The ones I've played are:

Nintendo Badge Arcade
ACPC
KleptoCats
Hello Kitty World
MOOMIN Welcome to Moominvalley
Pokémon Masters
I believe I've spent about $20 total across these games. I really try to do what I can as F2P, but whales will do as they please to remain at the top of course. I get bored easily with this type of business model, so I often end up stopping once the paywall affects the gameplay pervasively.


----------



## Hypno KK (Aug 31, 2020)

Nope. I play some other mobile games but gacha games don't appeal to me. I feel like the ones I've tried focus mainly just on the collection aspect rather than the gameplay itself so they just seem pointless to me.

I also don't like games that aren't transparent about microtransactions. I much prefer paying for a game upfront (or playing the beginning for free and paying to unlock the rest because that's more like a demo). I don't mind free-to-play games with microtransactions that are options and meant for hardcore fans or if you want to support the devs. That can even be a good way to contribute for less than the cost of a game if you're broke. Neko Atsume is a pretty good example of what I'm talking about! Unfortunately, most games with microtransactions make them feel mandatory and like there's no end to them and no thank you to that.

	Post automatically merged: Aug 31, 2020



rianne said:


> The ones I've played are:
> 
> Nintendo Badge Arcade
> ACPC
> ...



I'm not sure all of those games are gacha games. Pretty sure the Moomins game is a farming simulator like Farmville and KleptoCats is more of an idle game. They might have microtransactions but I wouldn't consider them gacha games -- for me, gacha games are the ones that have a mechanic like prize machines and where it's a main feature.


----------



## Dunquixote (Aug 31, 2020)

Hypno KK said:


> Nope. I play some other mobile games but gacha games don't appeal to me. I feel like the ones I've tried focus mainly just on the collection aspect rather than the gameplay itself so they just seem pointless to me.
> 
> I also don't like games that aren't transparent about microtransactions. I much prefer paying for a game upfront (or playing the beginning for free and paying to unlock the rest because that's more like a demo). I don't mind free-to-play games with microtransactions that are options and meant for hardcore fans or if you want to support the devs. That can even be a good way to contribute for less than the cost of a game if you're broke. Neko Atsume is a pretty good example of what I'm talking about! Unfortunately, most games with microtransactions make them feel mandatory and like there's no end to them and no thank you to that.
> 
> ...



Totally understandable. Even though I paid for OPTC and liked some of their gem packs that offer you a ticket for selected units, I prefer no microtransactions more and more now and seeing how a lot of these companies treat even their most loyal players. :/ Seeing the way gaming is leaning more and more towards them and locking content with a subscription, I worry that ACNH might end up going in the direction of having paid dlc since I can’t afford it. 

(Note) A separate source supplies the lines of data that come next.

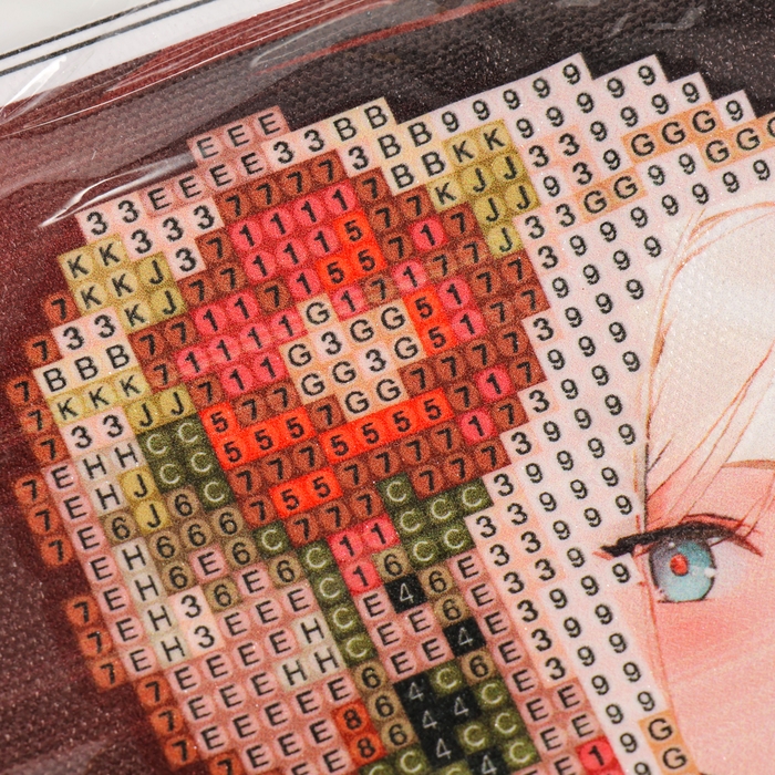Ребёнку предстоит разложить кристаллики карандашом по пронумерованной схеме, заполнив всё полотно. Холст с клеевым покрытием будет надёжно удерживать стразы.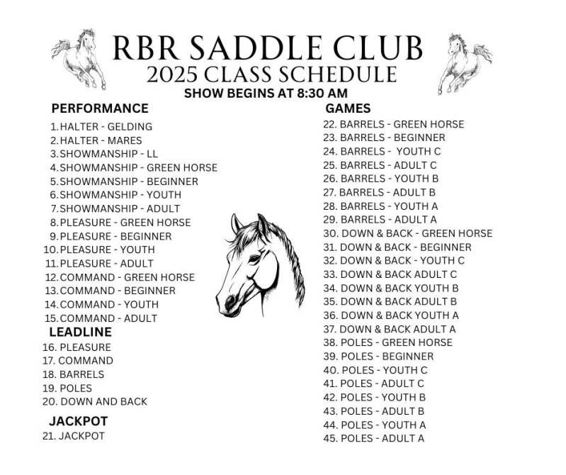 The RBR Saddle Club is a family-oriented horseback riding club that welcomes all levels of riding experience as well as all ages to participate.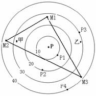下图中,M1、M2、M3分别为原料地、燃料地和市场。图中P点是某企业生产产品的运费最低点和劳动力费用最高点。以P为圆心的同心圆是该企业的等运费线(单位:元)。据此回答13-15题。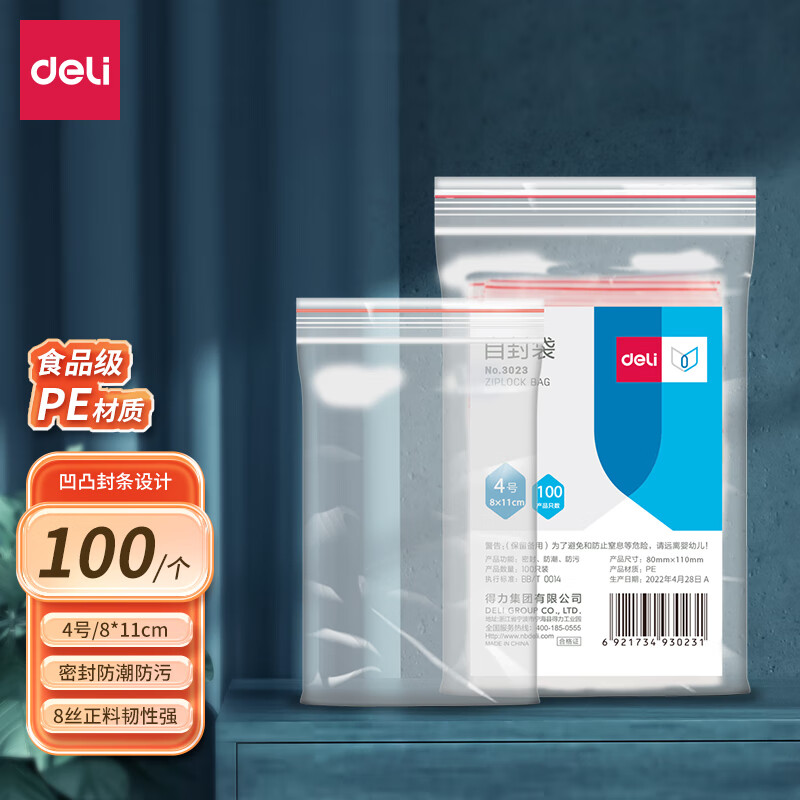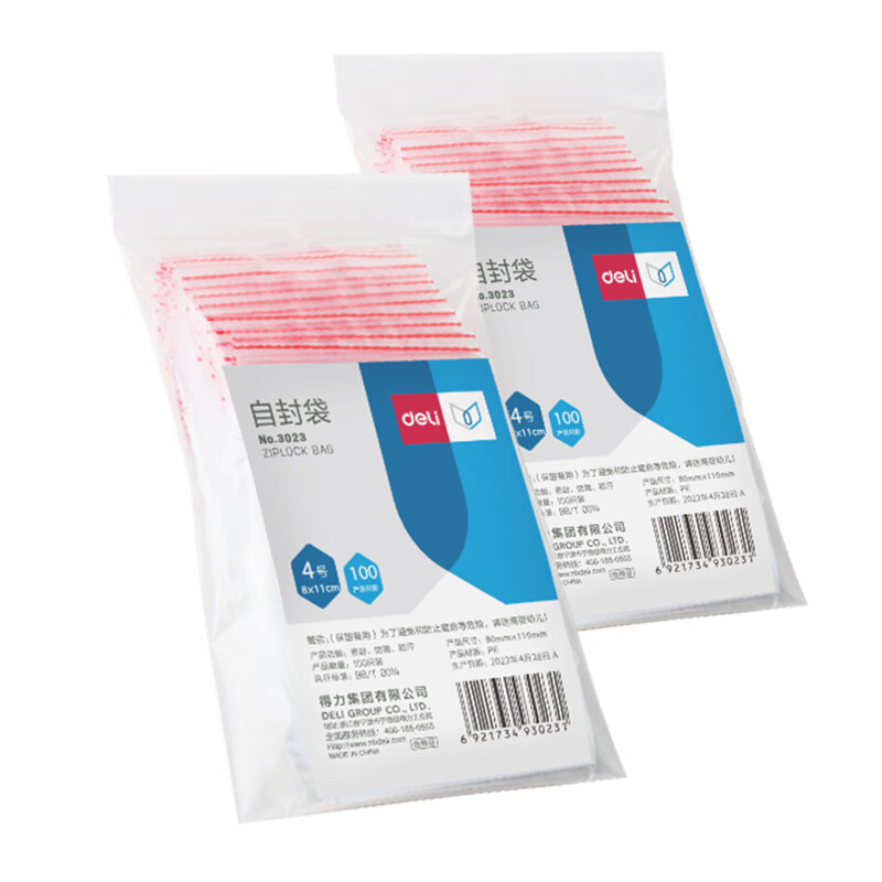 得力(deli)食品密封袋4号12*8cm 加厚防水PE透明收纳防尘(100只透明/包)3023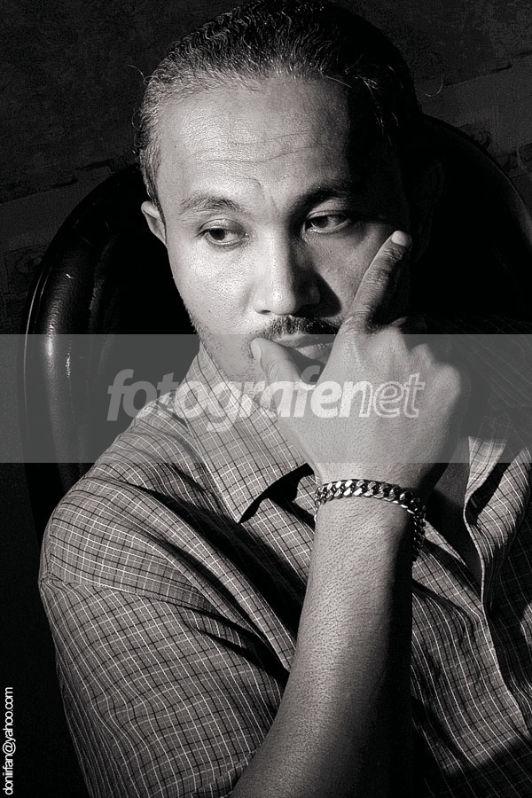 Model : Pak FennOom..oom...serius banget, ketawa napa..pelit banget sih senyumnya.nnLagi nyoba2 jepret mengandalkan lighting, mencoba bermain dengan bayangan untuk menghasilkan satu gambar yang berkarakter kuat. Untuk itu diatur lampunya untuk membentuk shadow dibagian muka dan dibajunya. nnSetelah itu hasil jepret dikirim ke PSCS2 untuk dibuat menjadi B/W dengan cara mengurangi saturasi hingga 0,dan memainkan colour balance,brightness/contras dan selective colour. Dan ditutup dengan high pass untuk menajamkan gambar agar lebih berkarakter. nnSekian dulu komen dari aku, mohon maap kalo hasilnya lom memuaskan dan thanks atas saran, kritikan dan komen dari oom dan tante yang baek hati dan tidak sombong. Salam salim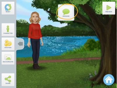 Once you have selected the "message" button, it should take you to the bottom right screen. Here, there are many options. You can record your voice to make your Tellagami speak, or you can enter in text and give your Tellagami a different voice (text is for the premium version only). You can make the message longer (premium) and preview your message.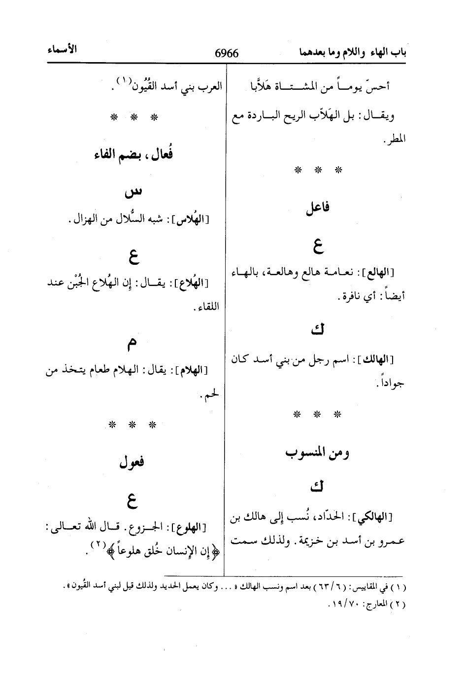 [الهالكي]: الحدّاد، نُسب إِلى هالك بن عمرو بن أسد بن خزيمة. ولذلك سمت العرب بني أسد القُيُون «1».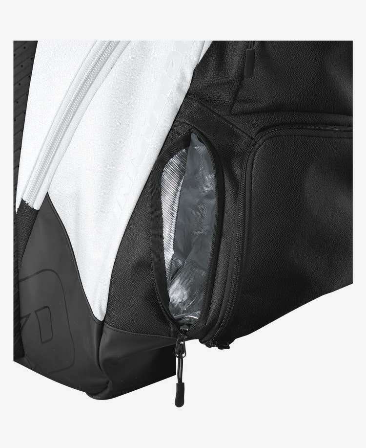 The DeMarini Voodoo XL Backpack is designed for players who love options. An expanded main compartment fits your helmet, glove and gear comfortably. A pair of molded neoprene bat sleeves allows you to take two of your favorite sticks with you wherever you're headed - and the bag is designed to hold a third bat if needed. Hang your arsenal from the dugout fence with a durable J-style hook, store your valuables in a fleece-lined pocket as you take your full arsenal on the go this season.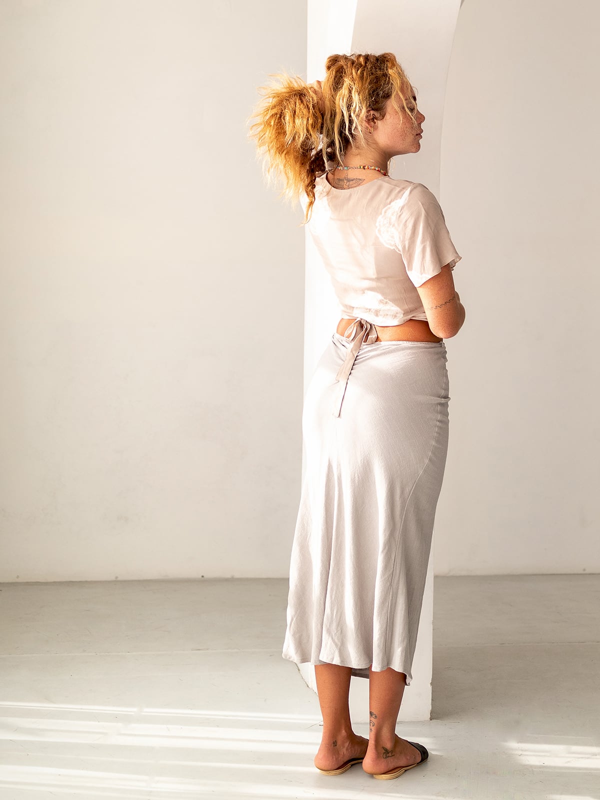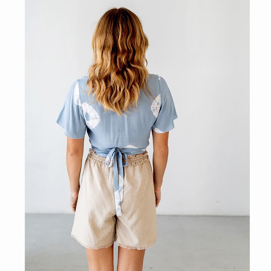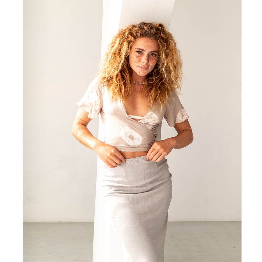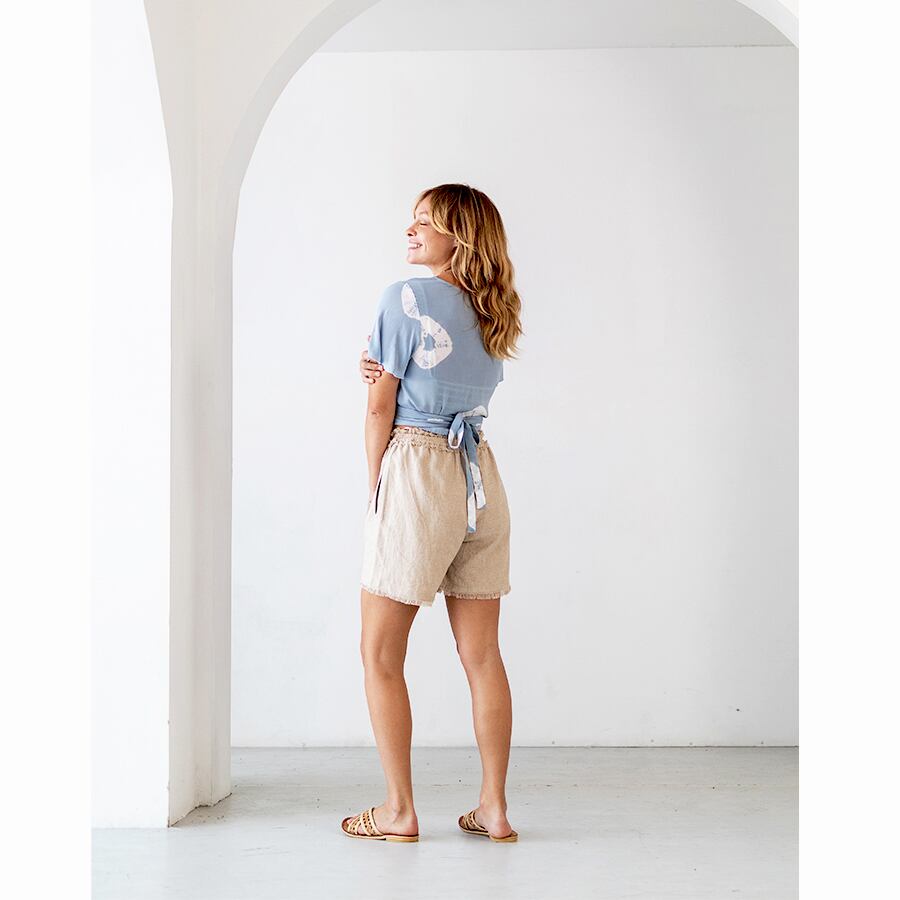 軽い生地でデザインした、このカシュクールは、コーデの主役になること間違いない。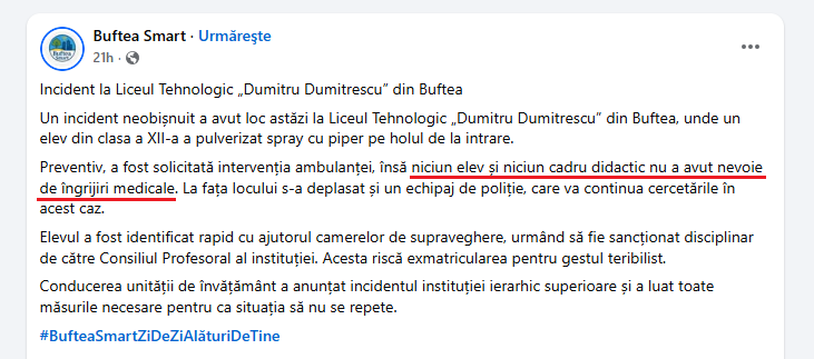 „La data de 07 octombrie, în jurul orei 10:00, poliţişti din cadrul Poliţiei Oraşului Buftea au fost sesizaţi prin apel 112 de către o persoană cu privire la faptul că, în cadrul unei unităţi de învăţământ, din oraşul Buftea, persoane necunoscute ar fi pulverizat cu spray lacrimogen, în incinta unităţii, afectând mai multe persoane.
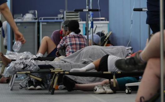 3일 오후 전북 부안군 새만금 세계스카우트 잼버리 야영지 내 잼버리 병원에서 온열질환자가 치료를 받고 있다. 부안=연합뉴스 |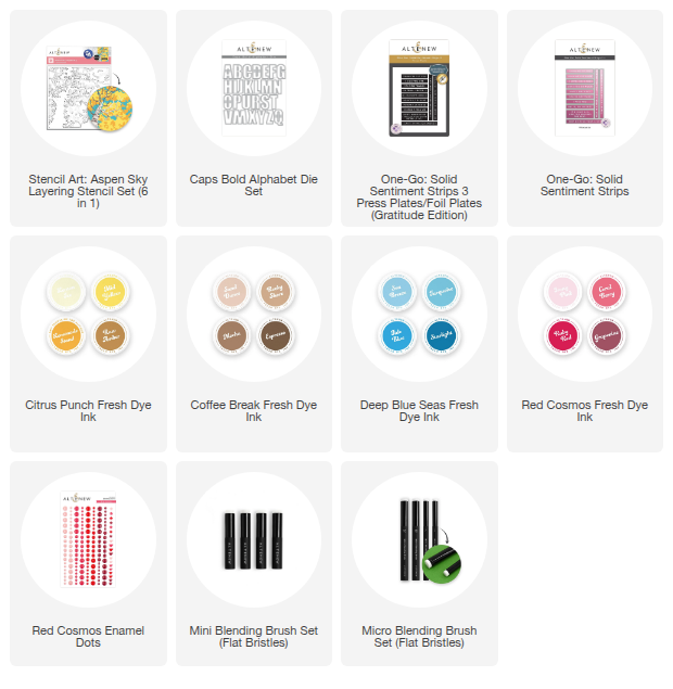 This fall card is a lovely mix of stenciling, layering, and subtle texture. The Aspen Sky background creates a warm seasonal feel, while the dimensional sentiment adds interest and focus.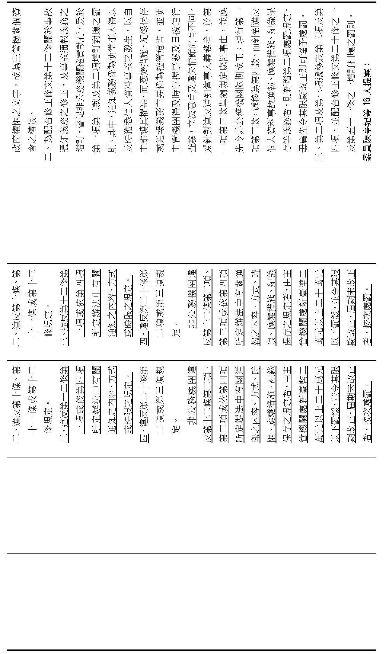 九、委員陳亭妃等16人擬具「個人資料保護法第十二條、第二十七條及第四十八條條文修正草案」提案要旨(參閱關係文書11012015號):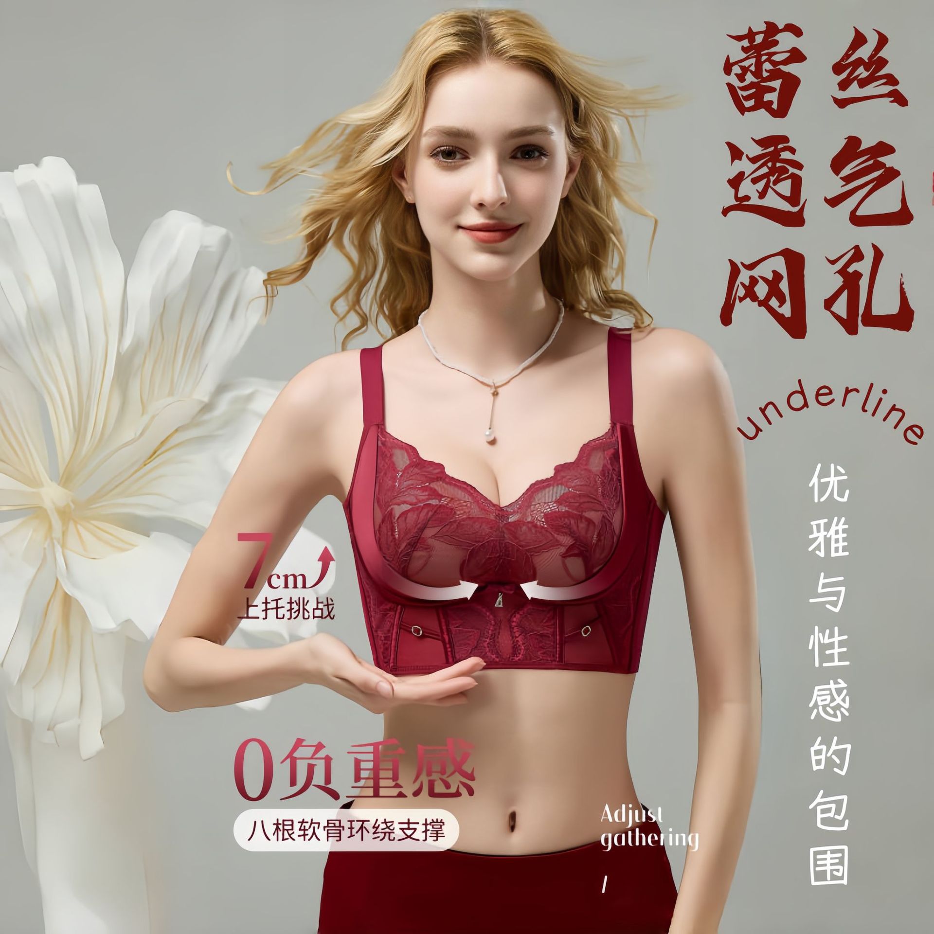 【提拉有型 聚攏集中】院線調整型透氣内衣女小胸聚攏蕾絲内衣女士無鋼圈抗菌收副乳文胸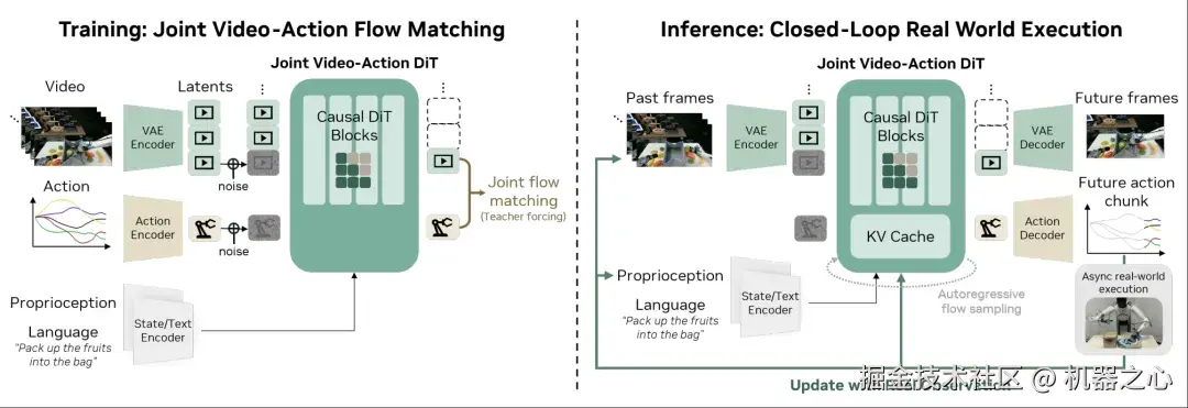 在训练阶段,模型以分块(chunk)的方式工作:在给定干净视频上下文作为条件的情况下,对加噪的视频与动作潜变量进行去噪。在推理阶段,模型的预测会以异步方式在真实世界中执行,同时将真实观测结果回灌到 KV cache 中,以防止误差随时间累积。

I can’t deny that I enjoy the gameplay though in the gacha games that I still play or collecting units. 

One thing that bothers me about last cloudia besides the cost to get a unit exclusive weapon is that the step up banners are paid only or the rare occasion, first two steps you can use free gems but the rest you need paid. -.-


----------



## amemome (Aug 31, 2020)

Love Live
Love Nikki
Pokemon Masters
Animal Crossing Pocket Camp

I whale really hard on gacha games so I don't play any of them (minus occasionally pocket camp) anymore. I think I enjoyed Love Live the most out of the gacha games I've played, and stuck with Pocket Camp for the longest.

I wish mobile games were less predatory and that I was more patient to wait for things.


----------



## dedenne (Sep 1, 2020)

i used to play fire emblem heroes, however i havent played it in over a year and dont plan on returning for it for a while bc of spoilers for the fe series as a whole.
i played some azur lane a few months ago but havent touched it recently, should get back to that.
i am currently playing arknights and i really like it so far, nice battle system so i think im gonna keep playing it for a while.


----------



## Dunquixote (Sep 1, 2020)

[


dedenne said:


> i used to play fire emblem heroes, however i havent played it in over a year and dont plan on returning for it for a while bc of spoilers for the fe series as a whole.
> i played some azura lane a few months ago but havent touched it recently, should get back to that.
> i am currently playing arknights and i really like it so far, nice battle system so i think im gonna keep playing it for a while.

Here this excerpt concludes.